February 25, 2010
To organize a subversive gathering, begin with a fire built from the bones of an old tree and a west wind that sends cedar-scented smoke stinging into the eyes. Add a fresh fall of snow, a waxing moon riding the wheel of a dark sky, unimpeded and sharp with stars, a good pouch of tobacco, six or seven companions, and a lightning-struck tree arching its arms over your band in protection. There you have it: the ingredients for fomenting all manner of rebellions and revolutions.
Let me explain. I have felt these Thursday evenings to be subversive in the sense that they undercut current social and cultural trends in communication as well as subverting the culture at large’s sense of social progressivism. Here around the flames, we encounter other human beings and the elements of nature unequivocally vis-a-vis. Technological mediation is stripped away and experience occurs at first hand. Here we are not ensnared in a web of social networking that forbids depth with a few and encourages trivial interaction with hundreds. Here the tightly reined adversaries of modern culture are loosed: depth, reflection, the exchange of ideas, silence, companionship. It is no accident that we sit outside in all weather and grapple with real wind, real cold, real rain. We let the cold sink deep into our bones or the snow settle on our backs because they are unflinchingly real, and the real, defined in these terms, is a waning resource in our culture. We have engineered webs of technological connectivity around us, but their function serves to hold at arm’s length rather than invite us in. Here, time passes as we watch the firelight flicker on each other’s faces and the roar of the headlong world fades for a time. Here, we are alive in a way that our culture is not and does not encourage us to be. Here, we are subversive.
I arrived at 11:15 p.m. to a night of windy darkness. Carl got up to leave and pressed a tin of Dunhill Nightcap into my hands with the injunction to try it, and said, despite my protestation to return it to him next week, that it was okay if I smoked it all! A tin that had just been opened, mind you, bearing this inscription: “A rich flavoured smoking mixture for the evening with its period of relaxation and leisure.” How appropriate.
Amongst some general conversation I heard Ralph wonder if there would be night in heaven. A discussion spun off into the notion that God created the darkness as well as the light, so how did the environment appear before God began creating if it was neither light nor darkness? “Like an empty ziplock bag,” mused Greg, in an offhand manner. I told him it sounded like a new branch of theology and he could be its first proponent. We also thought that perhaps we would have the ability to see other spectrums of light and undreamed of colors, or, as Jerry suggested, the gates of knowing might be thrown open, and we might be able to hear with our legs, like the crickets.
I was asked to read some poetry, so I dug around in my car and found a book of Dylan Thomas’s poetry. I chose this poem:
In
The spin
Of the sun
In the spuming
Cyclone of his wing
For I was lost who am
Crying at the man drenched throne
In the first fury of his stream
And the lightnings of adoration
Back to black silence melt and mourn
For I was lost who have come
To dumbfounding haven
And the finding one
And the high noon
Of his wound
Blinds my
Cry
As this was one of a series, I read a few others and we discussed the imagery that Thomas is so adept at putting into his poetry.
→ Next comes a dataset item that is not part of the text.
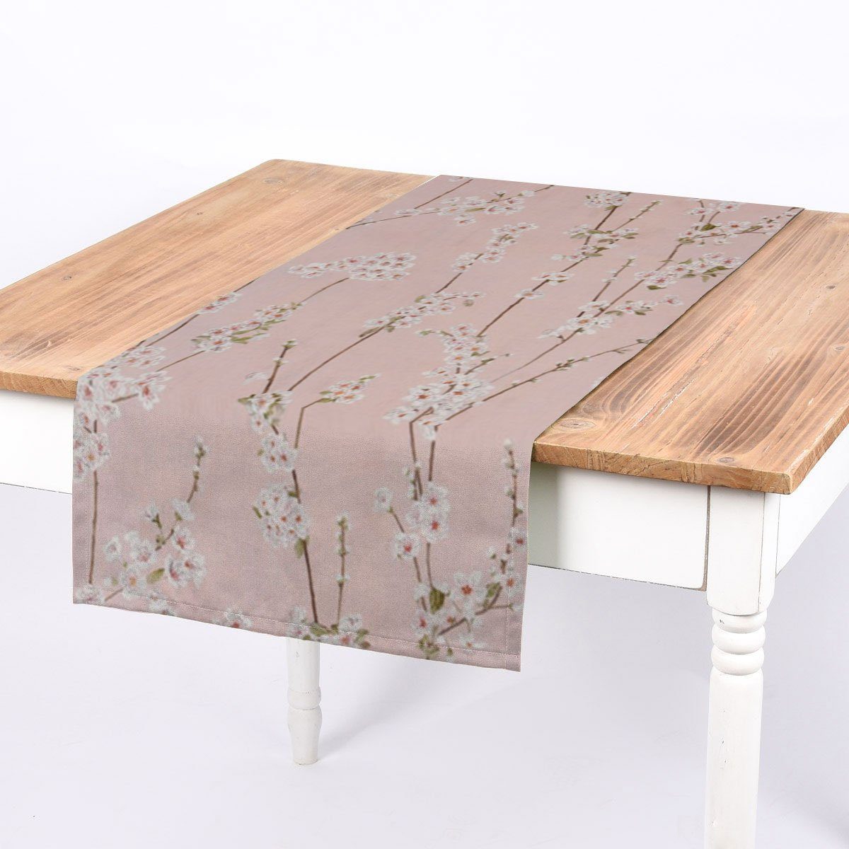 VIELSEITIG EINSETZBAR: Ob auf dem Tisch im Ess- oder Wohnzimmer, auf der Schlafzimmerkommode oder auf dem Sideboard im Flur – der Tischläufer mit wunderschönem Mandelblüten-Print ergänzt Dein Interieur perfekt und bringt Gemütlichkeit in Dein Zuhause

The night, as my dad always says, was “clear as a bell.” The moon gazed down at us on its way to some far country. It seemed small and remote, as if trying to hoard itself before bursting out at its full in a few days time.
Without much else to report, and as the meeting broke up not long after I arrived, I bid you all a fond farewell. Until next time. . .
Thanks for the comment, Paul. In writing as I did, I was not attempting to denigrate the “outside world” and claim that BotB is the only place where interaction of importance can take place, but was merely suggesting that it is one place where such things can occur, and that our way of life doesn’t often encourage us to meet in such ways. I too am not immune to conversing with the “outside world” on my phone via text or call during these nights, and I also will not turn my phone off. I do not suggest that we should turn away from technology, or that we are distinguished from the outside world in any way, perhaps only that it is important to carve out space for meeting together in person, regardless of the fact that we leave our phones on or off. In this sense, any gathering where people interact face to face would suffice. Perhaps I romanticize BotB a bit too much, but that is my issue.
Hmm, interesting. How often though do I insist on being tethered to shallow world outside of the BotB by leaving my phone on and txting someone not a part or checking my email as the conversation drifts to the interests of others? A solemn thought, but I doubt I will turn my phone off.
You are most welcome. Thank you for your kind comments. To all our brothers who still attend in spirit, we lift our glasses to you. You have all left your mark on the brotherhood.
The finest and most alive description of those subversive nights that I am still apart of in Spirit. I enjoy being apart of those unique times. I still smoke towards the North and lift my liquor in you all’s direction. I still have some honest friends… and they are few. Thank you for your words.